Shopping in Düsseldorf: So bewerten Kunden die Innenstadt

Shopping und Verkehr : So bewerten Kunden die Düsseldorfer Innenstadt

Die Kunden sind laut einer Umfrage sehr zufrieden mit den Einkaufsmöglichkeiten in der Stadtmitte. Die Erreichbarkeit mit dem Rad und dem ÖPNV wird besser bewertet als die mit dem Pkw. Bei der Auswahl gibt es jedoch noch Luft nach oben.

Die Besucher der Düsseldorfer Innenstadt haben ihrem Einkaufserlebnis noch einmal bessere Noten gegeben als in den Vorjahren. Bei der jüngsten Befragung des Instituts für Handelsforschung kamen die Einkaufsstraßen im Stadtzentrum auf die Gesamtnote 2,1 und erhielten gute bis sehr gute Bewertungen unter anderem in den Bereichen Einkaufen, Gastronomie und Freizeitangebot. In den vergangenen Jahren hatte die Gesamtnote um 2,5 gelegen, wie Handelsverband-Geschäftsführer Rainer Gallus, erklärte. Die Zufriedenheit wächst unter anderem mit dem Baustellen-Fortschritt im Zentrum.

Knapp 600 Innenstadt-Besucher waren im vergangenen September an einem Donnerstag und einem Samstag befragt worden. Von ihnen gaben 54,4 Prozent an, zum Einkaufen oder für einen Einkaufsbummel in der Stadt zu sein, 28,6 Prozent wollten ein Restaurant oder ein Café besuchen, 12,3 Prozent das Kultur- und Freizeitangebot in  der Innenstadt nutzen. Die Verbindung von Erleben und Einkauf gilt Experten als zentrales Thema bei der Entwicklung von Innenstädten. Angesichts der vielfältigen Einkaufsmöglichkeiten im Netz wünschen sich Kunden beim Bummel vor Ort ein Erlebnis. Dafür spricht auch die lange durchschnittliche Verweildauer (mehr als zwei Stunden) und die Tatsache, dass 85 Prozent der Befragten zumindest gelegentlich den Besuch der Stadt mit einem Restaurantbesuch verbinden.

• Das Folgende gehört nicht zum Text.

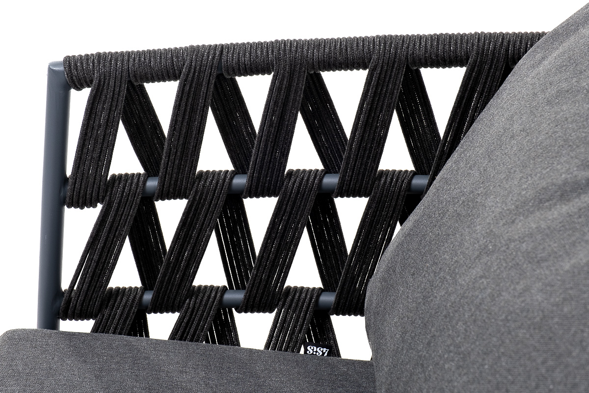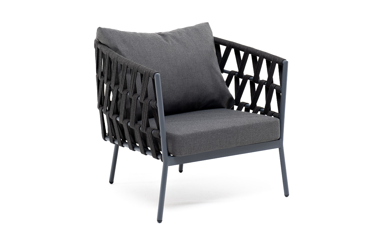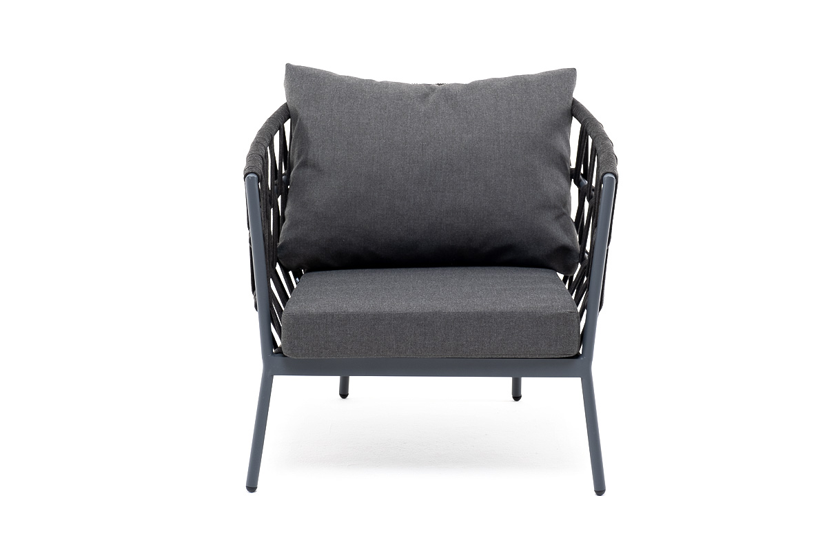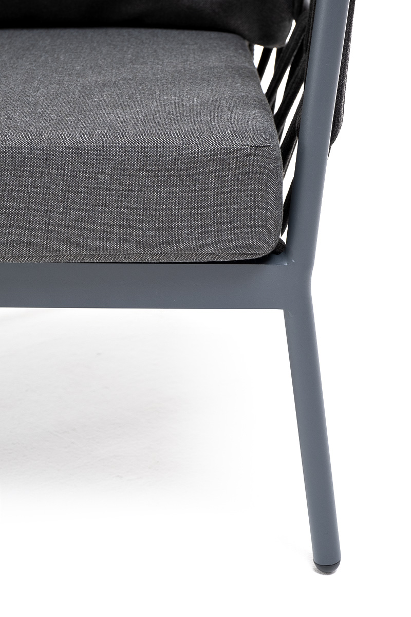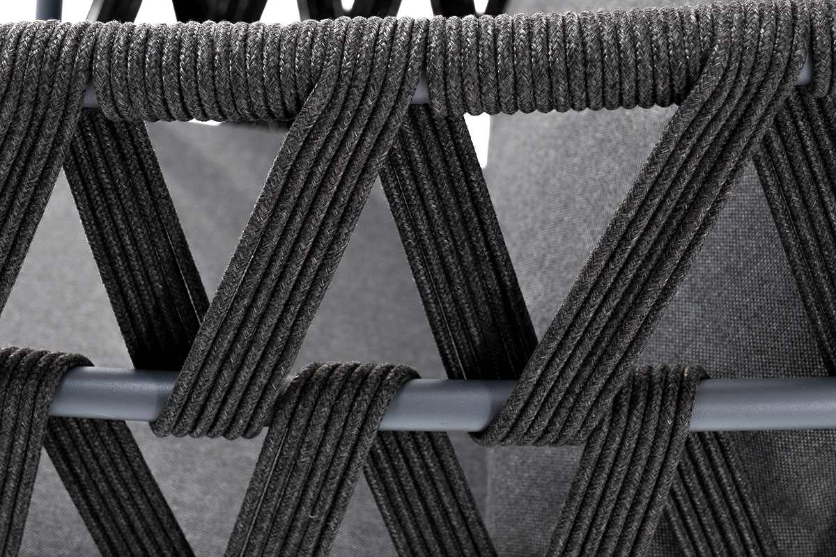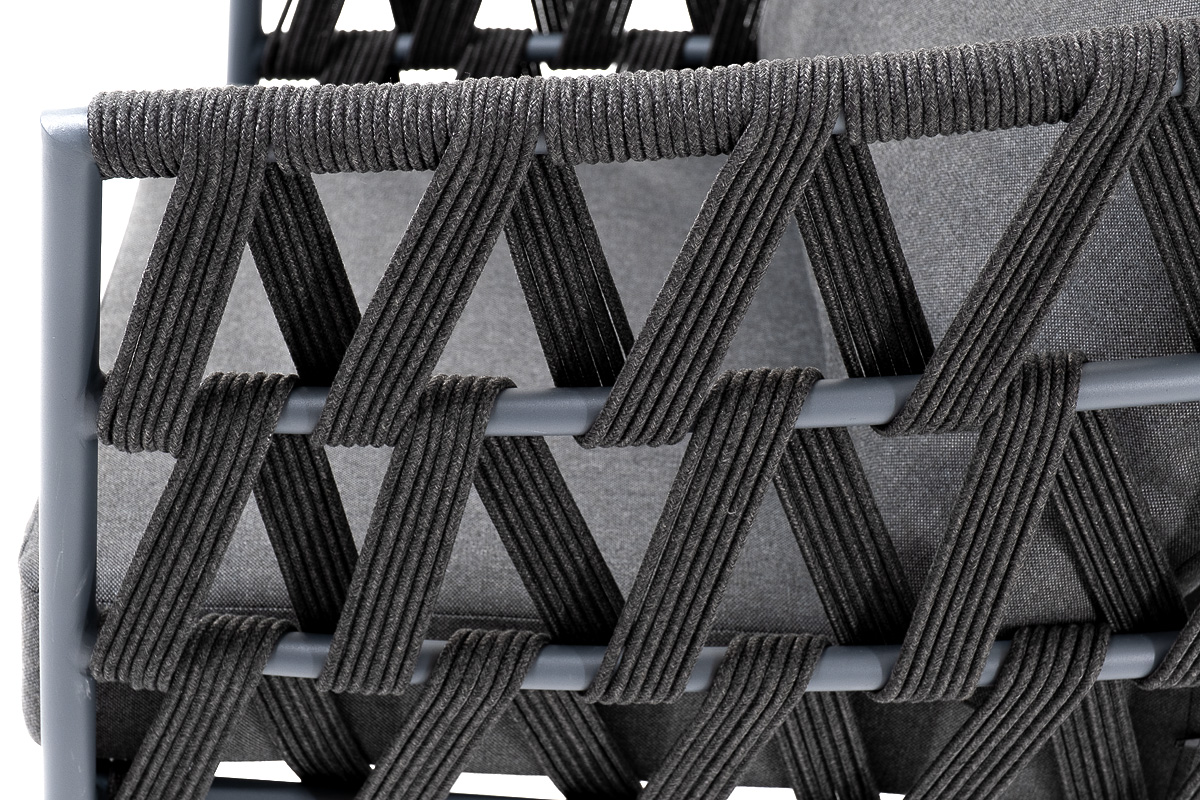 Кресло имеет алюминиевый каркас, окрашенный порошковой краской в темно-серый (RAL7024) цвет. Боковины каркаса вручную оплетены роупом - эластичными синтетическими лентами, изготовленными из высокопрочных полиэфирных волокон. Цвет оплетки - темно-серый.

Bei den Attraktivitätsmerkmalen gibt es für viele Aspekte der Stadtmitte gute Noten von den Einkaufenden. Beispielsweise für die Erreichbarkeit mit öffentlichen Verkehrsmitteln und mit dem Rad, die Ladenöffnungszeiten sowie das Gastronomie-Angebot  – Letzteres hat gerade in den vergangenen Jahren zugelegt. Auch mit dem Dienstleistungsangebot – vom Friseur bis zur Reinigung – sind die Düsseldorfer und die Shopping-Touristen zufrieden. Schlechtere Bewertungen (etwa Schulnote 3) gab es hingegen für die Erreichbarkeit mit dem Pkw und die Parkmöglichkeiten. Die städtische Planungsdezernentin Cornelia Zuschke betonte, dass man bei Schulnoten stets fragen müsse, was dahinter stecke: „Bei den Parkmöglichkeiten dürfte es weniger um die Verfügbarkeit gehen als um die Kosten.“ Insgesamt steige die Zufriedenheit der Innenstadt-Besucher jedenfalls, je weiter man mit den Bauarbeiten im Zusammenhang mit der Wehrhahn-Linie und dem Kö-Bogen II komme. Zugunsten der Händler müsse man die Baustellen notfalls so klein halten, dass man dann eben langsamer vorankomme – sie aber trotz Arbeiten sichtbar blieben.

Thomas Görner vom City-Ring Schadowstraße, der dort Inhaber des Geschäfts Foto Koch ist, sieht die Straße im Aufwind. „Vor zwei Jahren waren die Noten für die Schadowstraße noch mittelmäßig, jetzt geht der Trend wieder in die richtige Richtung.“ Seit Weihnachten sei auch die Frequenz auf der Einkaufsmeile wieder stärker, die einst zu den gefragtesten in ganz Deutschland gehörte.